Jeremy D. Brown, Consulting Director at Unit 42 with extensive ransomware negotiation and incident response experience. He recounts how initial contact yields forensic clues and which attacker playbooks are most common. He explains timing, who should be at the table, why politeness helps, and which groups are too risky or sanctioned to engage.

Erica L. Shoemate, former FBI and U.S. intelligence leader turned AI and policy strategist, explores how AI compresses decision timelines and reshapes security. She discusses governance built alongside innovation. Short, sharp takes cover human-centered design to avoid cognitive overload, the strategic role of trust, and why policy should be guardrails rather than brakes.

Brandon Hogle, Consulting Director experienced in Zero Trust architecture across commercial, federal, and defense; LeeAnne Pelzer, Senior Consulting Director who operationalizes Zero Trust for business outcomes. They discuss why Zero Trust often stalls, visibility and asset inventory gaps, outcome-driven quick wins, dynamic access by user and device context, breaking silos for shared outcomes, and pragmatic steps to sustain Zero Trust over time.

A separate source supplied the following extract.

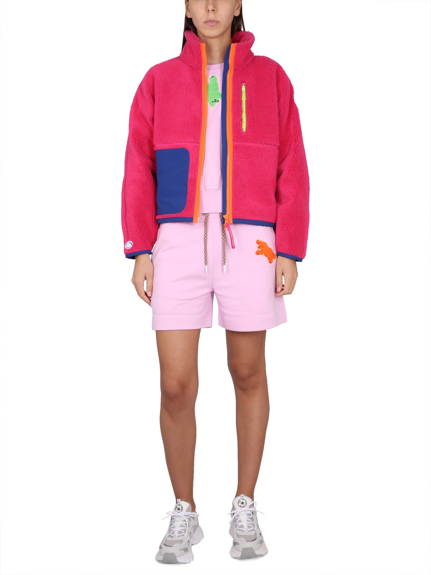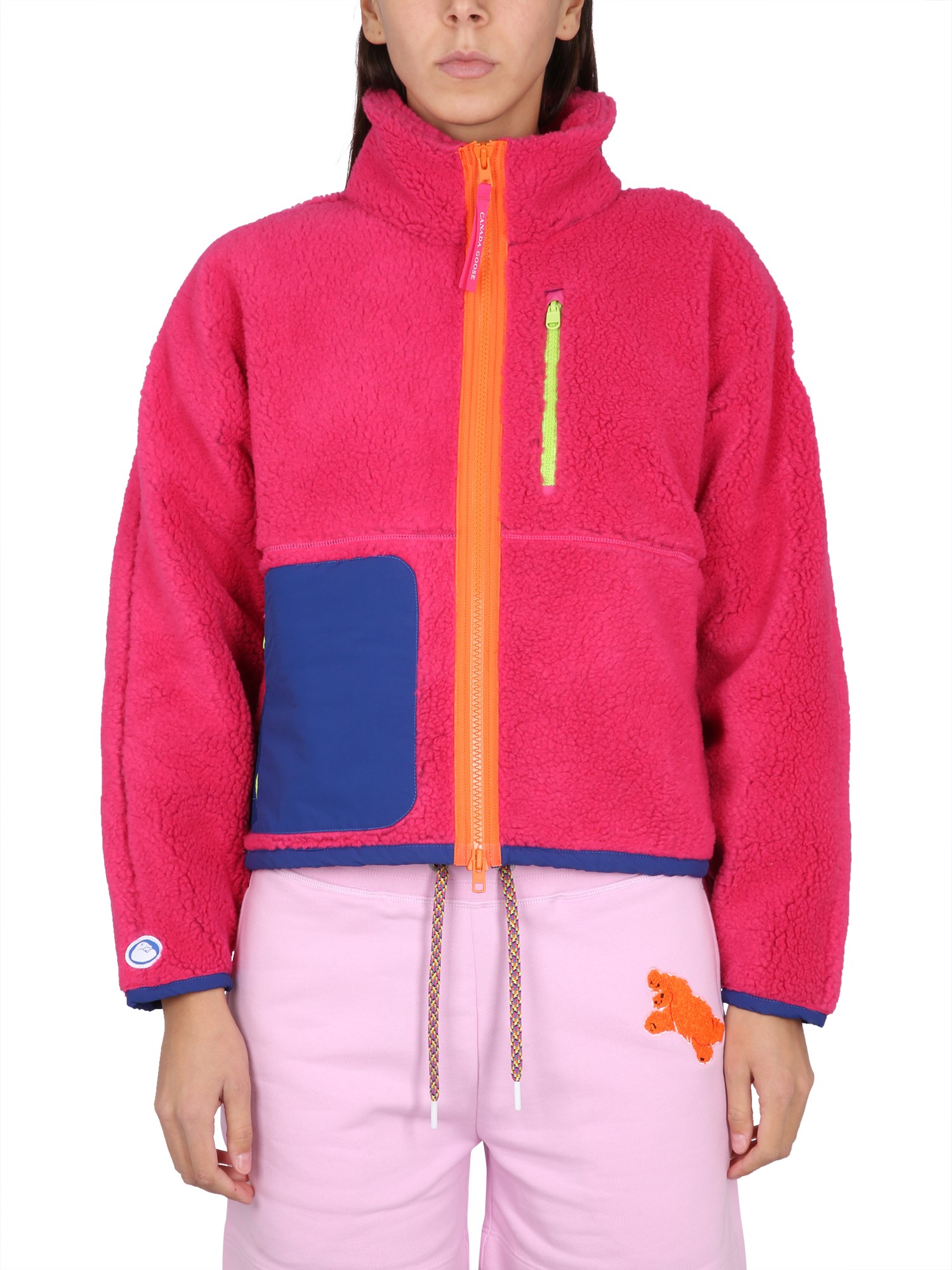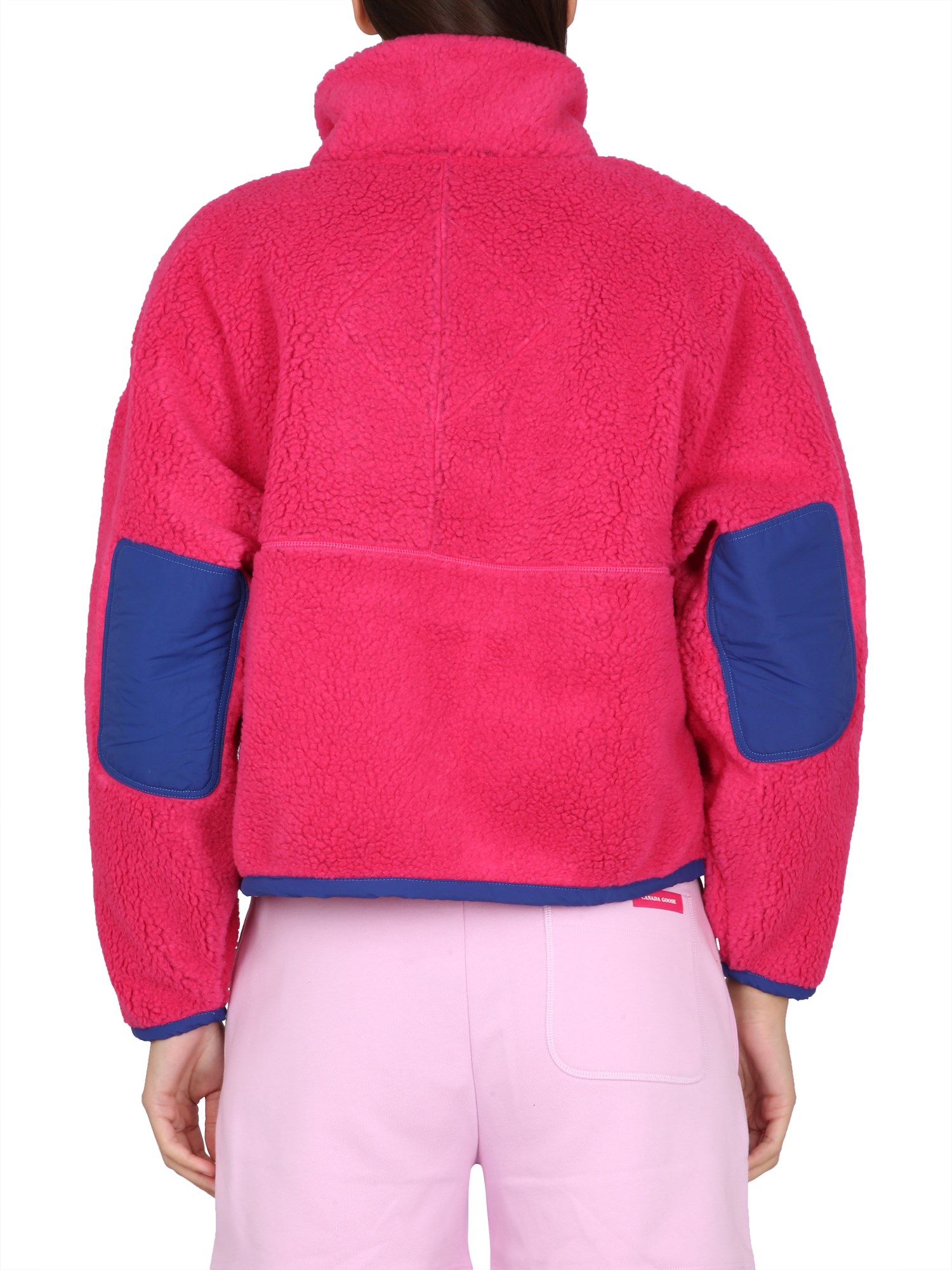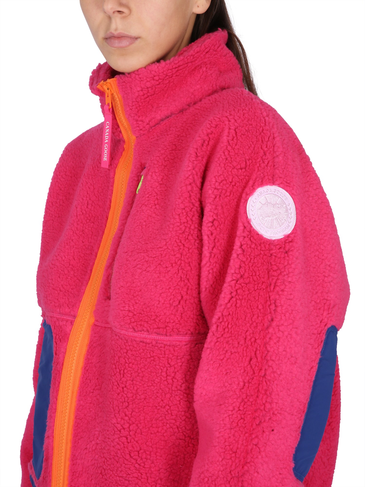 Crafted with Wool High Pile Fleece—the Paola Pivi Fleece features a dropped shoulder, tall collar, pop colour trims, dolman sleeves and an adjustable, cinchable waist cord at the bottom hem. A portion of the proceeds are donated to Polar Bears International (PBI) Research Center.

Andy Piazza, Senior Director of Threat Intelligence with 20+ years in ops, and Justin Moore, Senior Manager with intelligence and rapid‑response experience, walk through Unit 42’s Iran threat brief. They discuss active hacktivist groups and which claims are unverified. They explain how Iran’s outages shift activity worldwide. They highlight dispersed operators, TTPs to watch, and immediate defensive priorities.

Evan Gordenker, Director-level investigator of DPRK operations and AI security, reveals how North Korea embeds fabricated identities and accomplice networks into legitimate hiring pipelines. He discusses deepfakes, interview stand-ins, and AI-assisted deception. He also covers how roles are chosen, facilitator infrastructures, detection gaps in HR and security, and the shift from wage theft to extortion.

Steve Elovitz, incident response leader for Unit 42 with 15+ years at Mandiant, PwC, and Booz Allen, breaks down what 750+ breaches reveal. He discusses shrinking detection windows and autonomous containment. Identity as the top attack surface and overprivileged SaaS integrations get focus. High-ROI defensive priorities like segmentation, identity hardening, and visibility are highlighted.

Birat Niraula, a security leader who protects enterprise, network, on-prem, and cloud systems. He digs into how poor security UX creates backdoors. He contrasts protective friction like MFA with harmful friction that drives workarounds. He warns of AI repeating cloud security mistakes and urges embedding seamless security in design to keep velocity without adding risk.